According to the Plastic Pollution Coalition, more than 120 billion units of packaging are produced by the personal care and beauty industries every year. Most of that, the organization says, is not recyclable.

With the category’s sales expected to jump from $341 billion in 2020 to more than $560 billion by 2030, the industry needs solutions. And zero-waste beauty products, while a growing trend, don’t solve the problem of the giant plastic footprint of the conventional beauty and personal care industries.

We felt that the minute that we made it a business, it would be a competitor.

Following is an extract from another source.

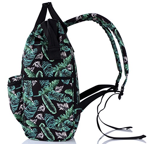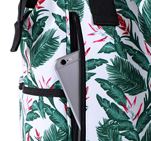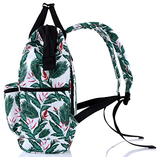 -. Feature : Cute backpack for girls/woman. Fashionable tropical leaves pattern design, best personalized carry-on addition for any purpose - school, work, travel, weekender, nursing, and so on / Convertible Bag. Cool two-way carry model - become a stylish handbag or carry as a trendy backpack purse / Roomy daypack. Holds 20 liters / 21 pounds, with multi pockets inside to keep your books and other stuff organized, padded sleeve compatible with all 13 inches laptop / Water-resistant packs. Water-repellent finished, keep your gadgets dry inside the bag in LIGHT rains / Guaranteed Quality. Made from sturdy, eco-friendly polyester, YKK twin zip closure, every seam is reinforced. 12-months warranty for quality

Mia Davis, co-founder Pact Collective

“As of now, almost all beauty packaging is non-recyclable in your standard recycling bin,” says Athr. “This is where Pact comes in to clean up the mess of irresponsible packaging. What we love about Pact: they are not only addressing this end-of-life aspect of packaging but are actively working with the beauty industry to make better packaging – that means no more virgin plastic, no more unrecyclable mixed materials, and no more beauty packaging filling up our landfills.”

According to Davis, bringing in a nonprofit model to this level of recycling accountability is critical.

“We wanted to get tons of stakeholders from this industry together,” she told Glossy. “We felt that the minute that we made it a business, it would be a competitor.”

Programs like these are largely driven by incentives — you bring in your empties for credit toward the purchase of a new product. It may make recycling more appealing to a small percentage of a brand’s consumers, but it’s not making a dent in the global plastic waste problem.

According to a report published by Greenpeace last October, not only are consumers and municipalities failing to properly recycle plastic, the “vast majority” of plastic waste is still not recyclable (in the U.S.)

Greenpeace found that the U.S. plastic recycling rate was estimated to have declined to just five to six percent in 2021, down from a high of 9.5 percent in 2014 and 8.7 percent in 2018.

plastic waste
Plastic recycling rates have dropped in recent years. Courtesy Nareeta Martin | Unsplash

But those higher numbers were when the U.S. was exporting its plastic waste to China; the country stopped accepting recycling in 2017. And even when it did accept items, much of it wasn’t recycled at all — Greenpeace reported that much of it was burned or dumped, falsely inflating recycling rates while doing the opposite — dumping more fossil fuels and emissions into the atmosphere.

Much of the recycling onus is on the consumer to understand what items their cities or counties will take. And most consumers have no idea what that actually entails. Consumers tend to dump any and all plastic items into their blue bins and hope for the best.

Incentivized takeback programs can encourage consumers to participate, but Greenpeace and other groups say there’s a much bigger problem.

“As scientific evidence of the harm caused by plastic waste and pollution and the toxic risks of recycled plastic continue to mount, discussions about what to do
regarding single-use plastics and plastic packaging are underway at the global level through the United Nations Environment Programme’s (UNEP) plastics treaty, in the U.S. Congress and city halls and state capitals across
the country, and in corporate board rooms,” the group wrote in its report.

“Will we allow companies to continue to promote the failed, toxic plastic recycling myth or will we demand a pivotal change that dramatically reduces
the production of single-use plastics? Instead of continuing on this false path, companies in the U.S. and around the world must urgently phase out single-use plastics by replacing their packaging with reuse and refill systems and offering packaging-free products.”